That’ll list out the columns to the screen but it’s not a great solution. It’s printing out too many columns, it’s also just printing them to the screen. We need it to serialise this into a format that we can use.

Let’s start with serialisation.

There’s loads of ways to do this but my preference is to create custom objects to contain the information we collect, then assign them to an array which we can process later.

For a quick guide to PSObjects have a look here
So, after changing the write-hosts to write verbose and putting in our custom objects we get this!

Add-PSSnapin Microsoft.SharePoint.PowerShell -ea SilentlyContinue

#Get the web
$web = Get-SPWeb "http://portal.tracy.com/sites/cthub"

#Get the columns (note, these are named fields) 
$Columns = $web.Fields | ? { $_.TypeAsString -eq "Choice"}

#Print out the number of columns
Write-Host "Number of columns found: " $Columns.Count

#Create empty array
$ColumnDetailsArray = @()

#Loop through each choice column and create an object to hold it
foreach ($entry in $columns)
{
    $choicesArray = @()
    Write-Verbose ("Field Name: {0}" -f $entry.InternalName)
    
    #Loop through the choices and print those out
    foreach ($choice in $entry.Choices)
    {
        #Add each choice to the (local) array
        Write-Verbose ("  Choice: {0}" -f $choice)
        $choicesArray += $choice
    }
    #Create a result object to hold our data
    $ColumnDetailsArray += New-Object PSObject -Property @{
                        "Name" = $entry.InternalName
                        "Choices" = $choicesArray
                        }
}

Which actually makes things worse as we no longer get any results! Let’s add that in some xml work.
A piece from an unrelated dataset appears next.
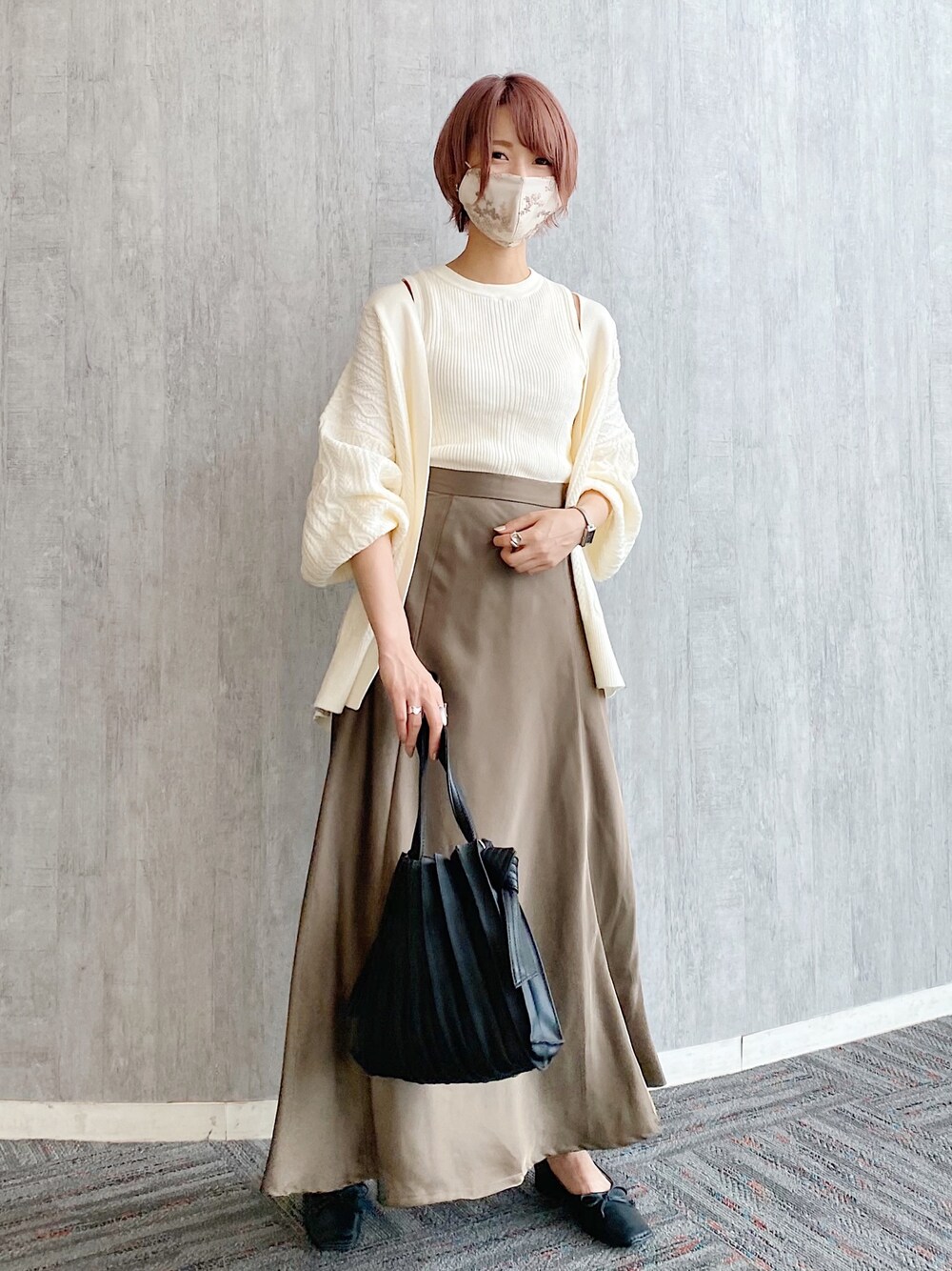 マーメイドシルエットが綺麗なサテンスカート✳︎ 付けているマスクもミスティのアイテムです! Instagram▷▶︎▷uemi_mw
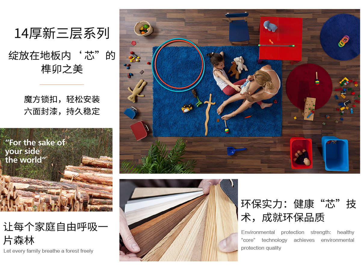 14厚新三层系列地板,执行严苛的欧洲木地板标准,打造三层实木地板上乘之作。多种款式,多样花纹,铺就一片时尚个性的快乐天地。在现代品味生活中,为家居添上浓厚的异域色彩,为实现马可波罗至美家居的理想增添助力。

I’m still not entirely happy with the way PowerShell and XML work together so this example is a bit clunky but it works.

#Create a starter XML for the system to work with
[xml] $xml = "<root><summary rundate='{0}' web='{1}'/></root>" -f 
    (Get-Date -f ddMMyyyy), 
    $web.Title

#loop through the results and genearate an xml object
foreach ($column in $ColumnDetailsArray)
{
    #Create an element to hold the top level item
    $columnElement = $xml.CreateElement("Choice")
    $columnElement.SetAttribute("Name", $column.Name) 

    #Loop through the choices and add entries for each
    foreach ($choice in $column.Choices)
    {
        $choiceElement = $xml.CreateElement("Choice")
        
        #Note that you need this Pipe Out-Null to prevent it writing to the console
        $choiceElement.InnerText = $choice
        $columnElement.AppendChild($choiceElement) | Out-Null
    }
    #Once it's built add the element to the root node
    $xml.root.AppendChild($columnElement)  | Out-Null
}
$xml.Save("C:\ResultFolder\ColumnSummary.xml")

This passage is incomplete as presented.